Luciano Floridi is the Oxford Internet Institute’s Professor of Philosophy and Ethics of Information at the University of Oxford, where he is also the Director of the Digital Ethics Lab and Professorial Fellow of Exeter College. Still in Oxford, he is Distinguished Research Fellow of the Uehiro Centre for Practical Ethics of the Faculty of Philosophy, and Research Associate and Fellow in Information Policy of the Department of Computer Science. He is a Turing Fellow of the Alan Turing Institute (the UK national institute for data science and artificial intelligence).

His research concerns primarily Information and Computer Ethics (aka Digital Ethics), the Philosophy of Information, and the Philosophy of Technology. Other research interests include Epistemology, Philosophy of Logic, and the History and Philosophy of Scepticism. He has published over a 150 papers in these areas, in many anthologies and peer-reviewed journals.

He was born and educated in Rome. He graduated from the University La Sapienza in philosophy (laurea) in 1988. His MPhil (1989) and PhD (1990) are both in philosophy from the University of Warwick.

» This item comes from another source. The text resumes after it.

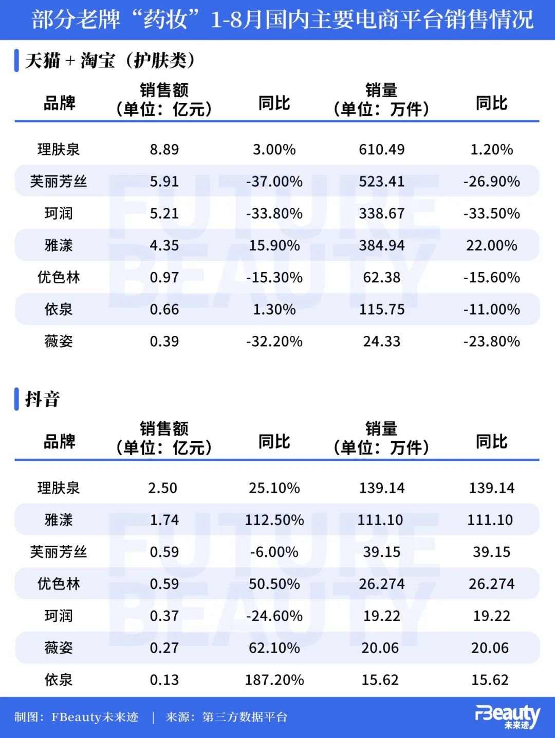 《FBeauty未來跡》在第三方數(shù)據(jù)平臺檢索發(fā)現(xiàn),在今年1-8月,理膚泉、芙麗芳絲、珂潤、雅漾、優(yōu)色林、依泉、薇姿這7個品牌在天貓+淘寶、抖音渠道共實現(xiàn)了32.57億元的銷售額。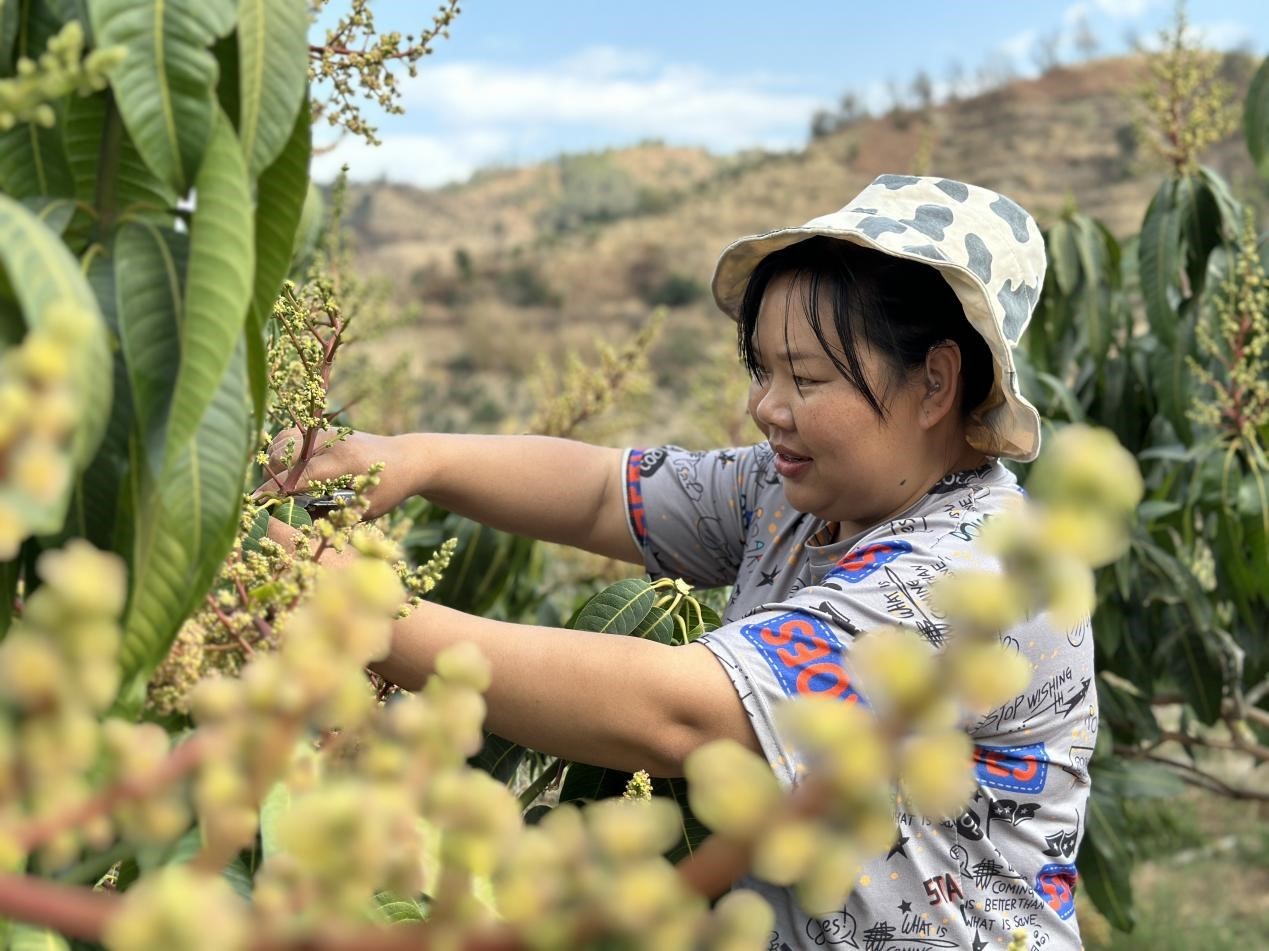 封张秀告诉记者,每年春天,芒果树的花穗会陆续从枝桠尖端长出。如果不进行人为干预,芒果8月左右即可成熟上市。但由于花朵形成时间不一,芒果成熟时间也不统一,这就“拉长了”后续采摘的“战线”。

Luciano Floridi is deeply engaged with emerging policy initiatives on the socio-ethical value and implications of digital technologies and their applications. He has worked closely on digital ethics (including the ethics of Algorithms and AI) with the European Commission, the German Ethics Council, and, in the UK, with the House of Lords, the Cabinet Office and the Information Commissioner’s Office, as well as with multinational corporations (e.g. Cisco, Google, IBM, Microsoft and Tencent).